Johns Hopkins’ Study Identifies Malaria Parasite at Beginning Stages; Research May Be Key in Discovering a Vaccine
In a June issue of PLOS ONE, researchers from the Bloomberg School of Public Health at Johns Hopkins University (JHSPH) released the results of a study describing advancements in the detection and isolation of the parasites that cause malaria in mammals, Plasmodium, during the liver stages. TRL’s own Executive Director, Matt Sherman, was listed as a contributing author on the paper, after providing key technical support for the study.
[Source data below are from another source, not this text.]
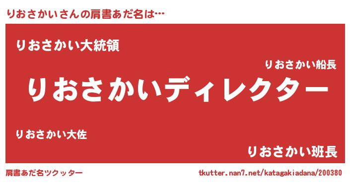 | 男性向けラノベタイトル風あだ名 | 『りおさかいに滅ぼされるだけの簡単なお仕事です』 |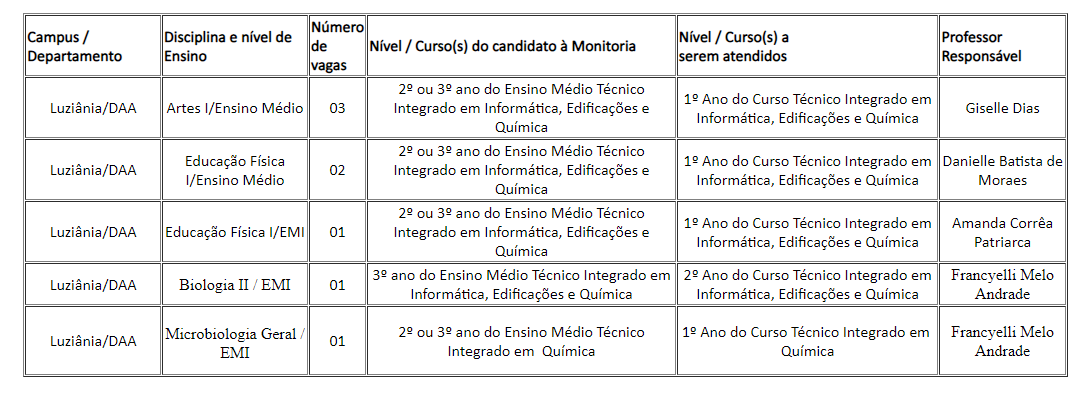 São disponibilizadas oito vagas para estudantes dos cursos técnicos integrados ao ensino médio integral. Os alunos interessados devem se inscrever pelo e-mail ca.luziania@ifg.edu.br, com os seguintes documentos: ficha de inscrição (Anexo I do edital); histórico escolar; cópia do documento de identidade; comprovante de residência com CEP. Os documentos deverão estar em arquivo único no formato PDF.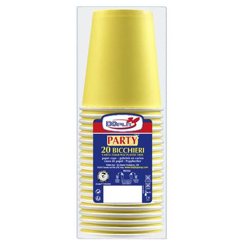 DOPLA-PARTY - Bicchieri carta wd 250 ml conf. 20 pz dopla green giallo - 42189 - Confezione risparmio da 2 PZ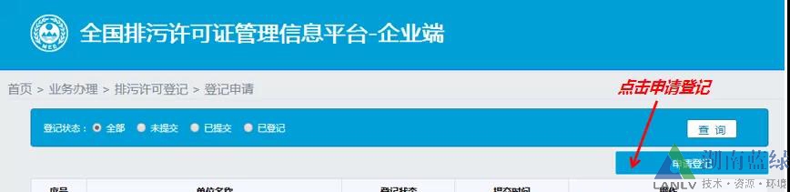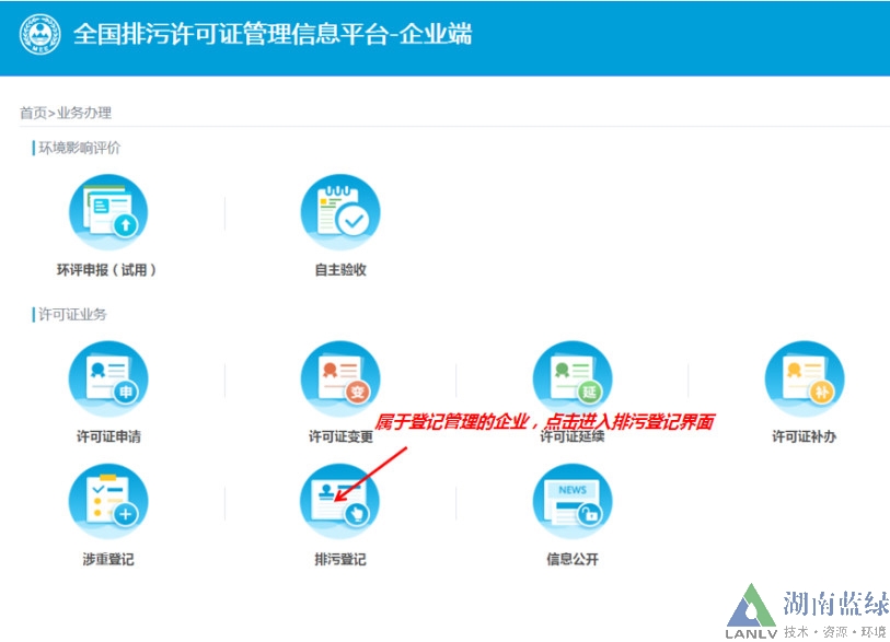 3.2、以登記管理為例,點擊“排污登記” 后。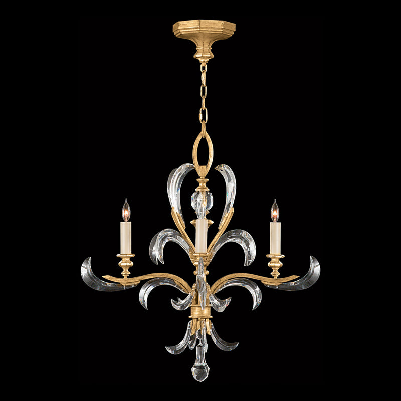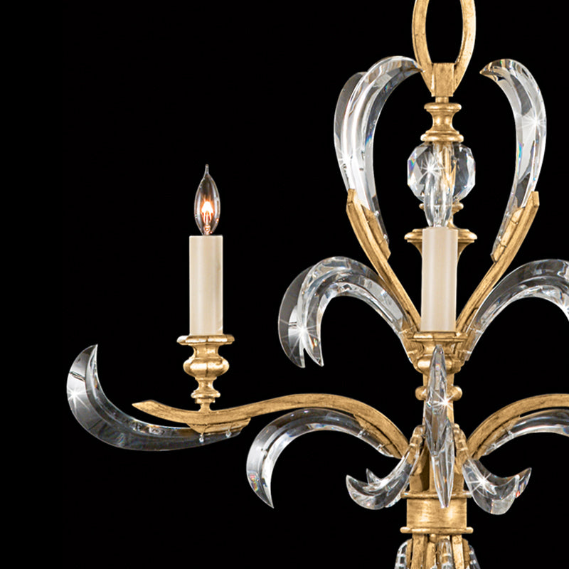 Chandelier in a warm muted gold leaf finish featuring beveled crystal accents.

“It was an honor collaborating with an institution as prominent as Johns Hopkins. Dr. Jelena Levitskaya’s research is a crucial step towards understanding the mechanism of malaria infection and designing a cure. TRL’s primary goal is to improve the human condition. If we can contribute in any way to developing a cure for a disease that affects so many worldwide, we’re going to do it.”
Malaria continues to be a major health problem throughout the world. According to the World Health Organization, in 2012 about 207 million new cases of malaria were reported and 627,000 subsequent deaths, primarily in Sub-Saharan African countries. There are five known human malaria parasites, Plasmodium falciparum, Plasmodium vivax, Plasmodium ovale, Plasmodium malariae, and Plasmodium knowlesi, the most fatal and the focus of the JHSPH study being Plasmodium falciparum.
The initial stage of Plasmodium infection begins in the liver, but is difficult to detect and study due to limitations of in vitro research. The liver stage is the most targeted for the advancement of protective vaccines, yet it is the least characterized stage of the infection.
Using TRL hepatocytes and media, the JHSPH research team was able to develop a unique method for the detection and isolation of P. falciparum exoerythrocytic forms (EEFs) through flow cytometry—a method of cell suspension and counting. The live P. falciparum infected hepatocytes were identified and quantified in a rapid screening during the study.
The new approach can be used to quantify the effects of antibodies, cytokines, or drugs on parasite invasion and development in vitro. This groundbreaking research may be the insight needed to find a preventative vaccine for malaria.